══ Recorded data

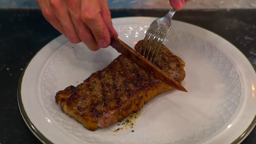 最终的结果看起来接近你的想象。它是用肉做的,你很可能会想到用刀咬一口,而不是牛排。
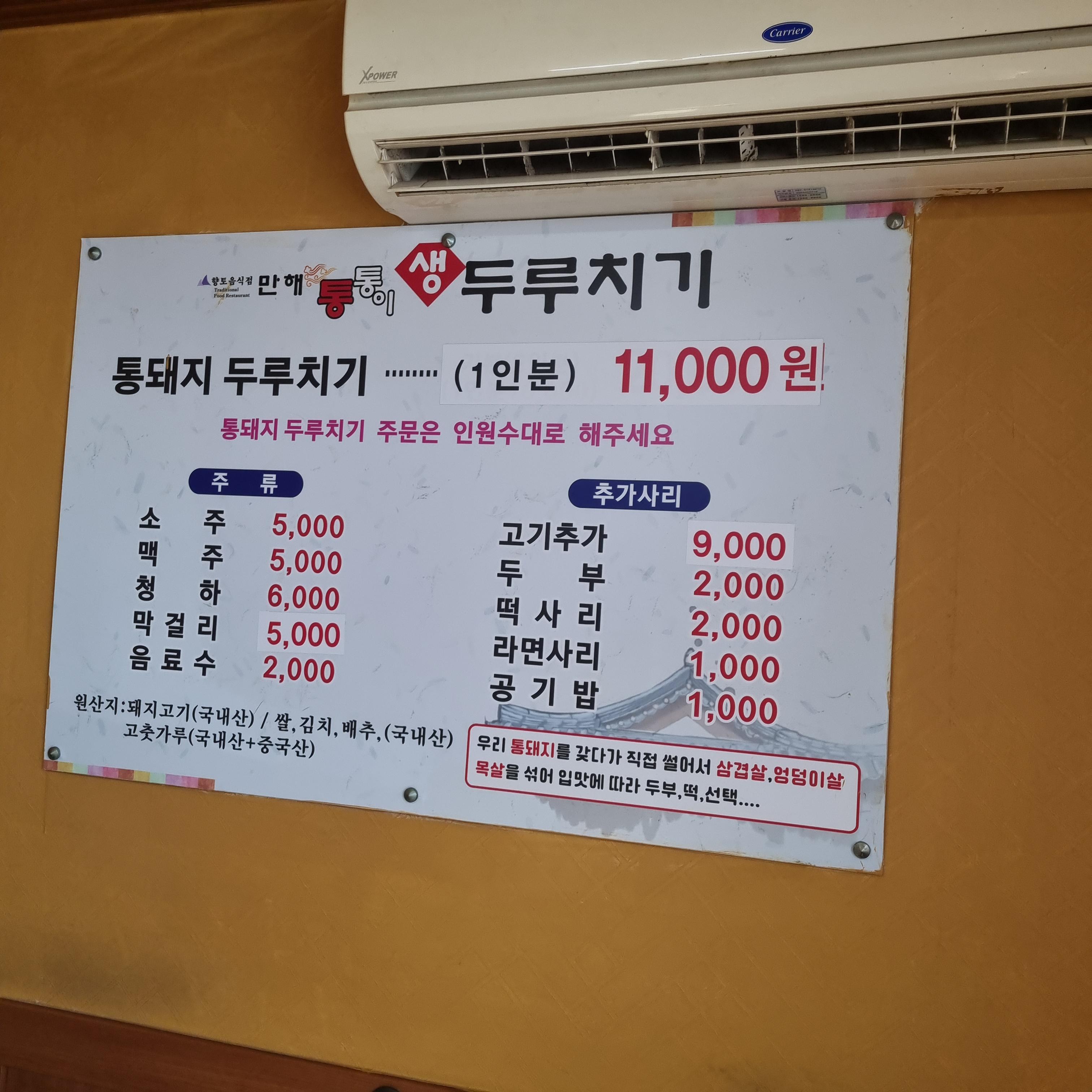 이곳의 메뉴은 딱 한 가지 통돼지 두루치기입니다. 1인분에 11,000원이며 가능한 인원수에 맞게 주문을 요청하고 있으며 그 외 다른 메뉴는 없습니다.
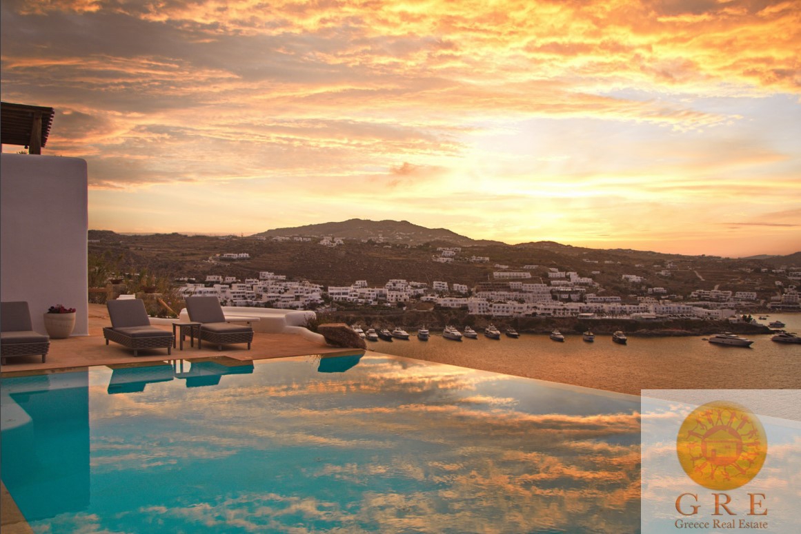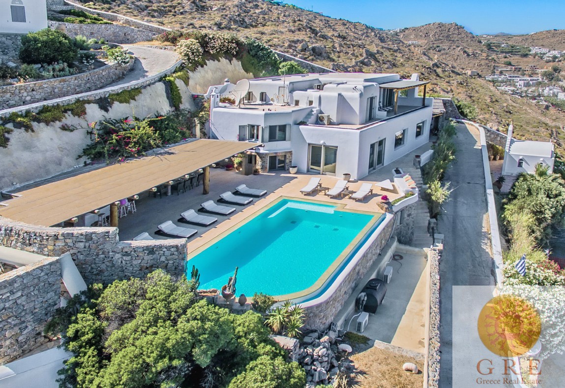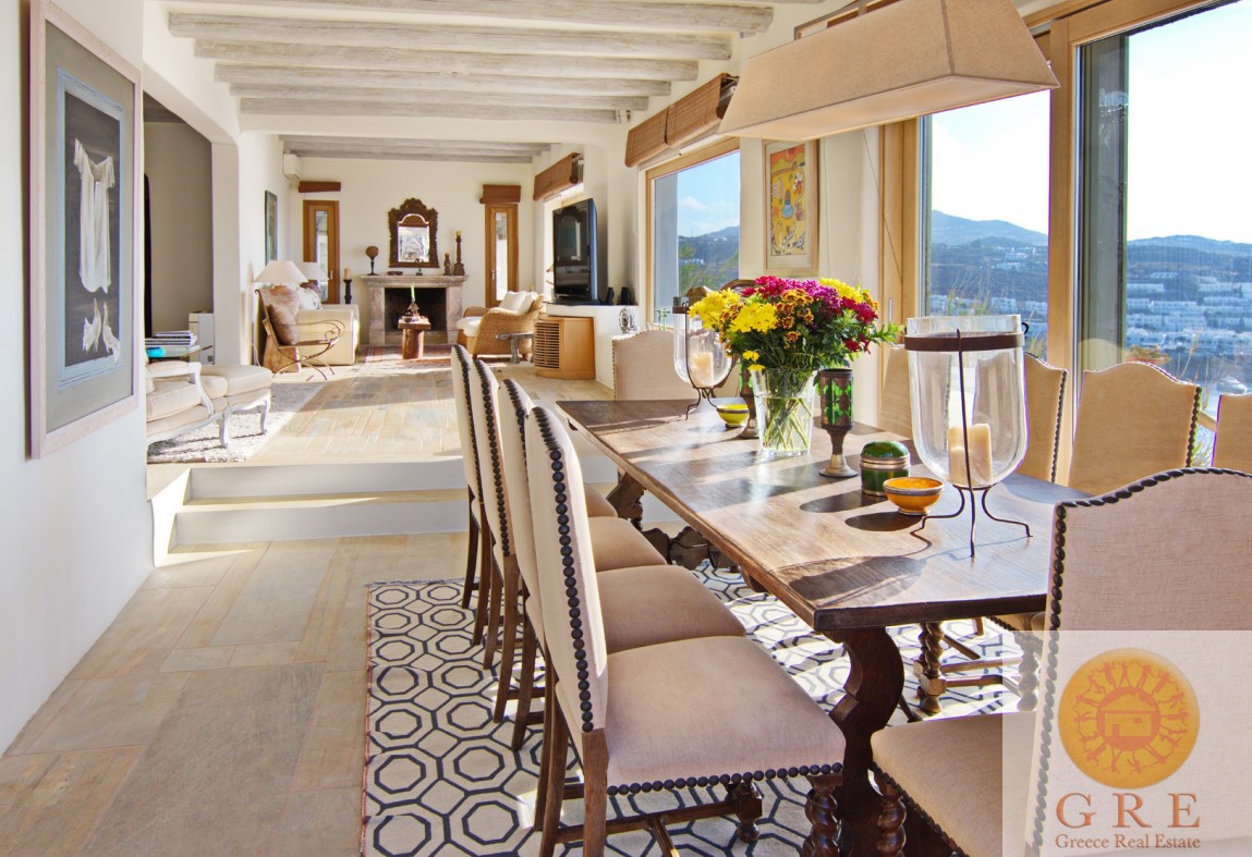 בראש הגבעה של אזור אגיוס לזרוס Agios Lazaros היוקרתי במיקונוס, משקיפה על המים היפים של הים האגא הוילה.
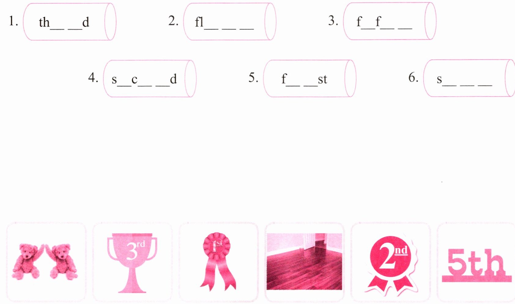 一、Listen, write and match. 听录音,补全单词,然后匹配相应的图片。

════

Task requirements:
What is needed is a verbatim copy of the lines from the line with "בראש הגבעה של" through the last line of the listing, pictures excluded.

Reply to the exercise:
 בראש הגבעה של אזור אגיוס לזרוס Agios Lazaros היוקרתי במיקונוס, משקיפה על המים היפים של הים האגא הוילה.
 一、Listen, write and match. 听录音,补全单词,然后匹配相应的图片。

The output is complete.